I am reading my course notes on convex optimisation, but the notes provide a notation that I am unfamiliar with. The notes makes the claim that if $f:\mathbb{R}^n\mapsto\mathbb{R}$ is convex, ${\bf x}$, ${\bf y}\in\mathcal{D}(f)$, ${\bf a}\in\partial f({\bf x})$ and ${\bf b}\in\partial f({\bf y})$, then $({\bf a}-{\bf b})^\mathrm{T}({\bf x}-{\bf y})\geq{\bf 0}$. I therefore would like to check the following.
$\mathcal{D}$ either represents domain or preimage, which is it? I suspect it is domain because of the it starts with 'D', but nevertheless it is worthwhile to check.
What exactly are $\partial f({\bf x})$ and $\partial f({\bf y})$? In physics, I know that $\partial V$ represents the surface bounding a volume $V$, are they related?
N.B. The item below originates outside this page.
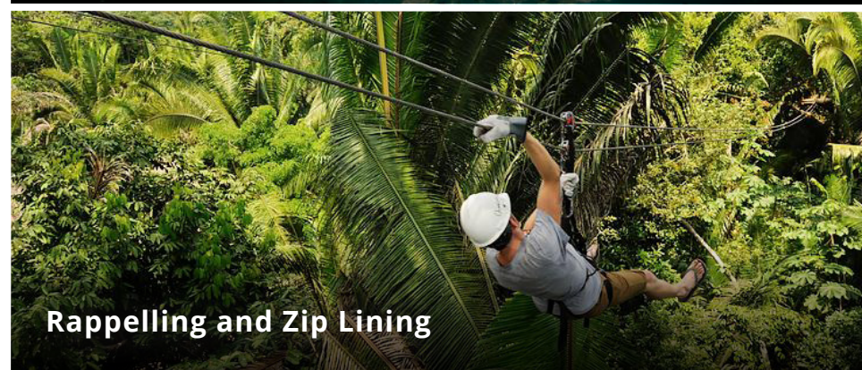
Rappelling and Zip Lining

If it is referring to a "surface", what is the proper mathematical way to define $\partial f({\bf x})$ and $\partial f({\bf y})$?
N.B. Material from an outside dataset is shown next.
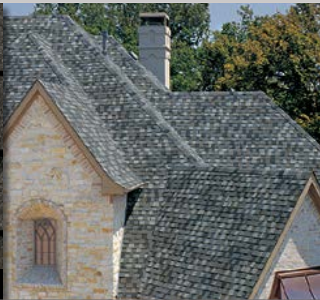
THUNDERSTORM GREY | AMERICA'S NATURAL COLORS

Assuming I have gotten the interpretations of these right, I wanted to prove it as follows: using without proof a claim that further appears in the notes, I have $f({\bf x}+{\bf d})-f({\bf x})\geq{\bf a}^\mathrm{T}{\bf d}$ and $f({\bf y}+{\bf d})-f({\bf y})\geq{\bf b}^\mathrm{T}{\bf d}$. If I could "subtract" these two inequalities intuitively I know I will be close, but I just can't seem to figure out how. What have I done wrong here?
Here $\mathcal{D}(f)$ should be the domain of $f$: $$ \mathcal{D}(f) := \{ x \in \mathbb{R}^n \mid f(x) < \infty \}. $$
Moreover, $\partial f(x)$ is the subdifferential of $f$ at $x$. You can think of it as a generalization of the gradient. In particular, you always have the inequality
$$ f(y) \geq f(x) + \zeta^{\mathsf{T}}(y - x), \; \forall x, y \in \mathcal{D}(f), \; \forall \zeta \in \partial f(x). $$
Your idea for proving the inequality is correct. Applying the above inequality twice, with the order of $y$ and $x$ reversed, you have
$$ f(y) - f(x) \geq \zeta^{\mathsf{T}}(y - x), \; \forall \zeta \in \partial f(x). \\ f(x) - f(y) \geq w^{\mathsf{T}}(x - y), \; \forall w \in \partial f(y). $$
Add them together and the LHS cancels; rearranging will give you
$$ (\zeta - w)^{\mathsf{T}}(x - y) \geq 0, $$
and since the choice of $x$ and $y$ was arbitrary the inequality follows. (Note that this is exactly the proof you suggested, with $d = (y - x)$ in the first invocation and $d = (x - y)$ in the second one.)